EDIT: Turns out Jacob was right, sorry for the downvote. I've decided to expand on this solution a bit.
I could as it turns out use the rvm binary now, but since it's user-installed it is not on the $PATH on my laptop
bigbuk:~ julik$ which rvm
bigbuk:~ julik$
but it is on the server.
[julik@serveur ~]$ which rvm
/usr/local/rvm/bin/rvm
[julik@serveur ~]$
This is what confused me. Only it needs to be called with an absolute path (since FCGI runs without proper PATH being set). Se then the binary path should be configured accordingly, AND
rvm will of course properly set GEM_HOME and GEM_PATH for us as well.
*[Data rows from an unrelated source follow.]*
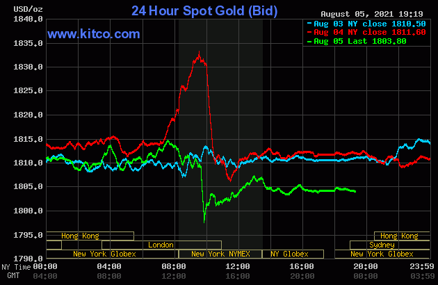 Giá vàng thế giới trên sàn Kitco giao dịch ở mức 1803.8 - 1804.8 USD/ ounce. Giá vàng trên thị trường quốc tế đang đứng giá. Đêm 5/8 (giờ Việt Nam), giá vàng thế giới giao ngay đứng quanh ngưỡng 1.811 USD/ounce. Vàng giao tháng 12 trên sàn Comex New York ở mức 1.813 USD/ounce.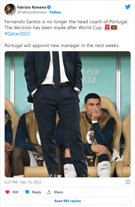 Portugalia tashmë është në kërkim të një trajneri të ri dhe emrat e parë kanë filluar të qarkullojnë nëpër korridoret e zyrave të përfaqësueses. Një hipotezë e mundshme është edhe Jose Mourinho, me këtë të fundit që ka një kontratë me Romën deri në vitin 2024, por ideja e drejtimit të Portugalisë mund të bëjë që të ndërrojë mendje.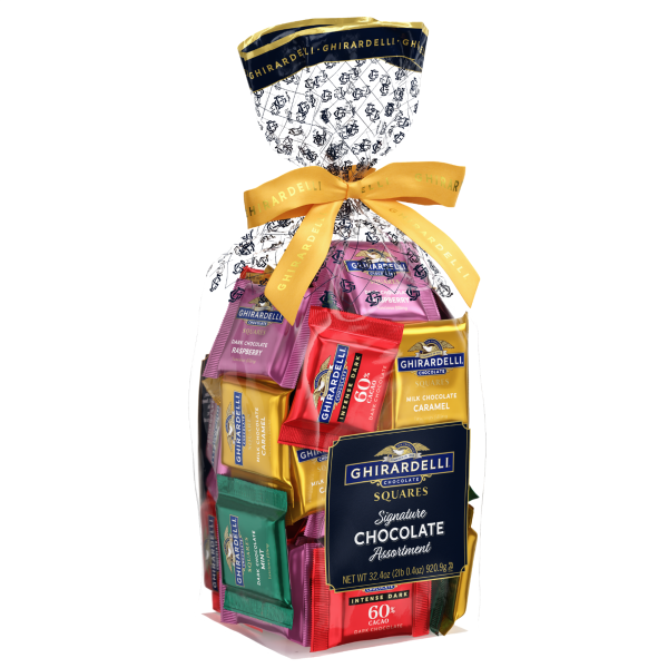- Contains a 2lb assortment of individually wrapped SQUARES in 4 flavors: Milk Chocolate Caramel, Dark Chocolate 60% Cacao, Dark Chocolate Mint & Dark Chocolate Raspberry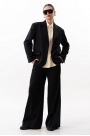 Костюм женский. Жакет прямого силуэта, с увеличенной линией плеч, с отрезным бочком, на левой полочке листочка. Жакет на поливискозной подкладке. Спереди прорезные карманы с клапаном. Спинка со средним швом, отрезным бочком. Воротник пиджачного типа с отложным лацканом. Рукав втачной, двухшовный, со шлицей и пуговицами. Брюки прямого свободного силуэта. Пояс на резинке, по переду боковые наклонные карманы. Длина брюк по боковому шву с поясом 108 см. Параметры брюк в готовом виде в 44 р.: обхват талии +-66 см (с резинкой ), обхват бедер 108 см. Длина жакета по среднему шву спинки 68 см. Длина рукава от удлиненного плеча 60 см. Параметры жакета в готовом виде в 44 размере: Ширина изделия на уровне глубины проймы 106 см, ширина на уровне линии талии 103 см, ширина изделия на уровне линии бедер 106 см. Ширина рукава по низу 32 см. На фото: топ S-7635, блузка S-7636 Длина брюк по боковому шву с поясом 108 см. Параметры брюк в готовом виде в 44 р.: обхват талии +-66 см (с резинкой ), обхват бедер 108 см. Длина жакета по среднему шву спинки 68 см. Длина рукава от удлиненного плеча 60 см. Параметры жакета в готовом виде в 44 размере: Ширина изделия на уровне глубины проймы 106 см, ширина на уровне линии талии 103 см, ширина изделия на уровне линии бедер 106 см. Ширина рукава по низу 32 см. На фото: топ S-7635, блузка S-7636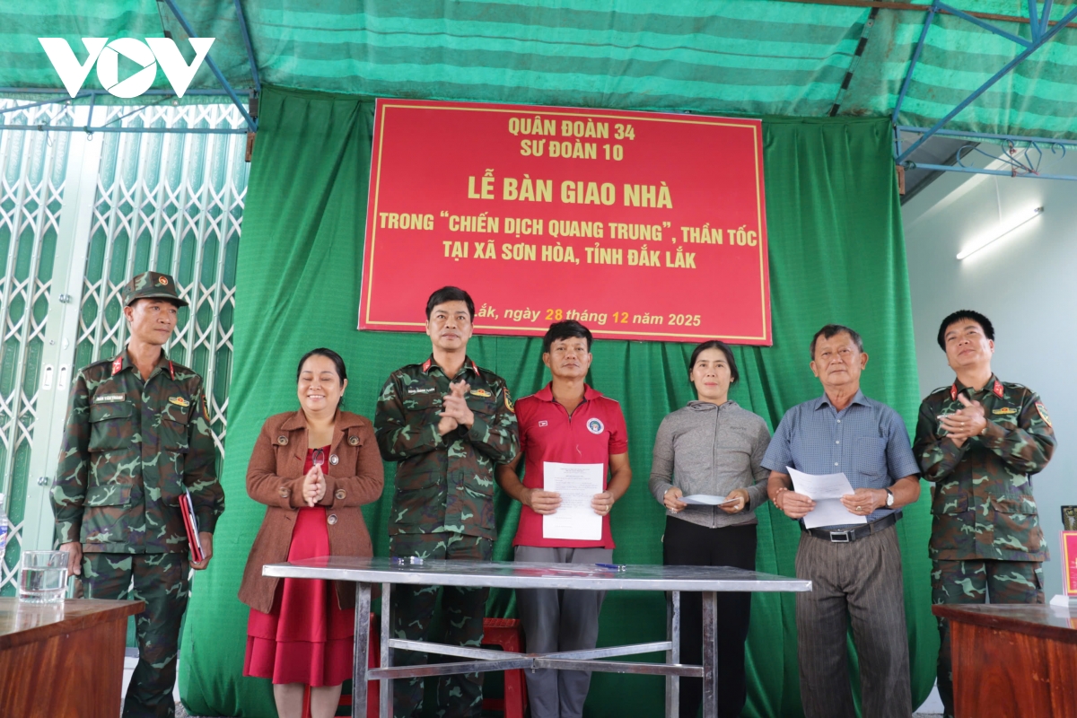 Tỉnh Đắk Lắk dự kiến đến ngày 15/1 sẽ hoàn thành khoảng 56% số nhà xây mới và phấn đấu cán đích 100% vào ngày 25/1/2026, kịp thời giúp người dân ổn định đời sống sau thiên tai. "Chiến dịch" nhận được sự vào cuộc quyết liệt của cấp ủy, chính quyền và lực lượng vũ trang với tinh thần “thần tốc thi công, thần tốc về đích”. Cùng với đó là sự chung tay của các nhà hảo tâm, tổ chức quốc tế và nguồn lực xã hội hóa, bảo đảm kinh phí xây dựng, sửa chữa nhà ở cho người dân bị thiệt hại.

The only thing that really needs to be set is the BUNDLE_GEMFILE one since Bundler cannot autodetect
it from the rackup file and the cwd of the FCGI process is garbage.
"bin-path" => "/usr/local/rvm/bin/rvm 1.9.2-p180 exec bundle exec rackup /home/user/websites/behandelaar-web/current/web-root/",
"bin-environment" => (
"BUNDLE_GEMFILE" => "/home/user/websites/behandelaar-web/current/Gemfile",
"RACK_ENV" => "production",
),
That said, having a specific wrapper script written in Ruby does have some merit since both rackup AND bundle are very bad at bubbling exceptions, and if say there are problems
with the FCGI gem itself (which was what I had - it had 1.8-specific string-bytes handling) it's exceptions will not bubble up properly through this layered stack of wrappers and the
most insightful thing you will see in terms of error reports will be a status-500 page from your webserver.